### WHAT TO WORK ON
An exact reproduction of the data below is expected, free of images.

### DATA SECTION
◇ ◇ ◇ ◇ ◇ ◇ ◇

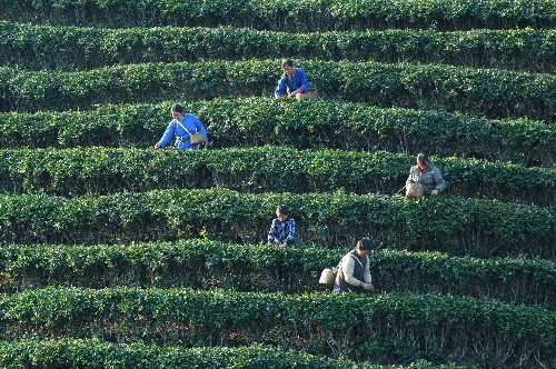 贵州云雾明前茶开采 3月23日,村民在贵州贵定县云雾镇鸟王村采茶。
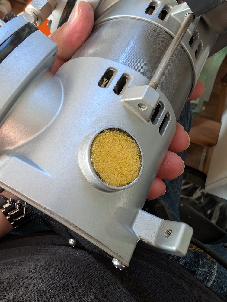 und mit einem Stück Stoff und einem Kabelbinder als Filterersatz eingebaut:
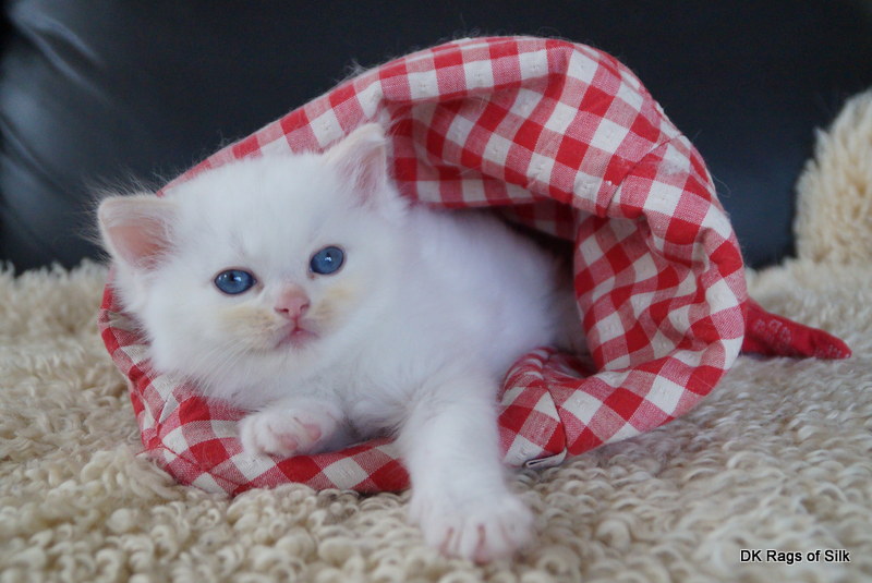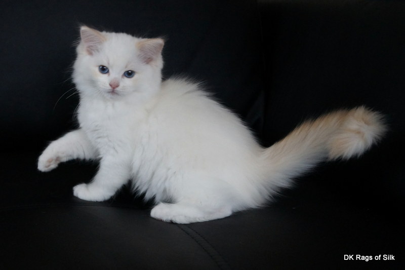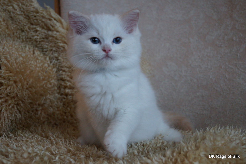 King er blevet en fantastisk dejlig hankat. Han har arvet sin mors bredde og har et skønt udtryk og fantastisk øjenfarve for en rød ragdoll. Han bor som fertil han hos vores gode venner Dennis og Marija fra DK Colletto's og har i år fået sit første kuld.

◇ ◇ ◇ ◇ ◇ ◇ ◇

### SOLUTION
 贵州云雾明前茶开采 3月23日,村民在贵州贵定县云雾镇鸟王村采茶。
 und mit einem Stück Stoff und einem Kabelbinder als Filterersatz eingebaut:
 King er blevet en fantastisk dejlig hankat. Han har arvet sin mors bredde og har et skønt udtryk og fantastisk øjenfarve for en rød ragdoll. Han bor som fertil han hos vores gode venner Dennis og Marija fra DK Colletto's og har i år fået sit første kuld.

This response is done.